Iqbal’s first published collection of poems came out in 1923 and is titled, “Bang-e-Dara” (Call of the Marching Bell). He wrote mostly in Urdu and Persian. Some of his works include Zabur-i-Ajam, Bal-i-Jibril (The Gabriel’s Wings), Musafir (The Wayfarer), Mysteries of the Selflessness, Secrets of the Self and The Reconstruction of Religious Thought in Islam.
Iqbal also took keen interest and part in the politics of his time and is revered as the “Spiritual Father of Pakistan.” One of the Government of Pakistan’s statutory body’s is the “Iqbal Academy Pakistan” which offers courses in “Iqbal studies” to promote the understanding of his works and ideas.
Opinion | Don’t sing in Pilibhit
His role in the creation of Pakistan
In 1930, Iqbal delivered a Presidential Address to the 25th Session of the All-India Muslim League in Allahabad where he expressed his thoughts on Islam and nationalism, unity of the Indian nation and one on the problem of defence. “The principle that each group is entitled to its free development on its own lines is not inspired by any feeling of narrow communalism. There are communalisms and communalisms. A community which is inspired by feelings of ill-will towards other communities is low and ignoble. I entertain the highest respect for the customs, laws, religious and social institutions of other communities. Nay, it is my duty, according to the teaching of the Quran, even to defend their places of worship, if need be,” he said.

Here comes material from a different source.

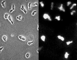 D. discoideumを使った場合、この条件で、ほとんどすべての細胞を標識することができる(図2).しかし、細胞の状態や微妙な実験条件の違いなどがエレクトロポレーション効率に影響するので、最適な条件を見つけなければならない.例えば、Polysphondyliumのように細胞が小さい時は、より厳しい条件が必要になる.以下の関係は条件を探す時の目安となる.穿孔の効率は,電圧,コンデンサ容量に大体比例し,液のコンダクタンスにほぼ逆比例する.例えば,液量を200 μl (深さ1 cm)にすると,コンダクタンスが増えるので,もう少し強い条件がいる.また、バッファーの組成もコンダクタンスに直接反映するのでエレクトロポレーションの条件に大きく影響する.つまりイオンが増えるほど強い条件が必要になる.

Iqbal is considered to have given the vision for the creation of Pakistan, whereas Jinnah is considered to be the one who shaped this vision.
In 1937, Iqbal wrote two letters to Muhammad Ali Jinnah. In the first one dated May 28, 1937, he wrote, “After a long and careful study of Islamic Law, I have come to the conclusion that if this system of Law is properly understood and applied, at last, the right to subsistence is secured to everybody. But the enforcement and development of the Shariat of Islam is impossible in this country without a free Muslim state or states. This has been my honest conviction for many years and I still believe this to be the only way to solve the problem of bread for Muslims as well as to secure a peaceful India.”
In the second letter marked “Private and Confidential” dated June 21, 1937, Iqbal wrote, “Why should not the Muslims of North-West India and Bengal be considered as nations entitled to self-determination just as other nations in India and outside India are? Personally I think that the Muslims of North-West India and Bengal ought at present to ignore Muslim[-minority] provinces. This is the best course to adopt in the interests of both Muslim majority and minority provinces.”
Iqbal’s confidence in Jinnah is believed to have sprouted from Jinnah’s integrity since he was the only Muslim leader with an unchallenged national status and because he did not have provincial or regional ties and Iqbal’s need to concretise his philosophy of “communalism of a higher kind” reflecting Iqbal’s interpretation of the universal values of Islam, according to the book, “Iqbal, Jinnah, and Pakistan: The Vision and the Reality”.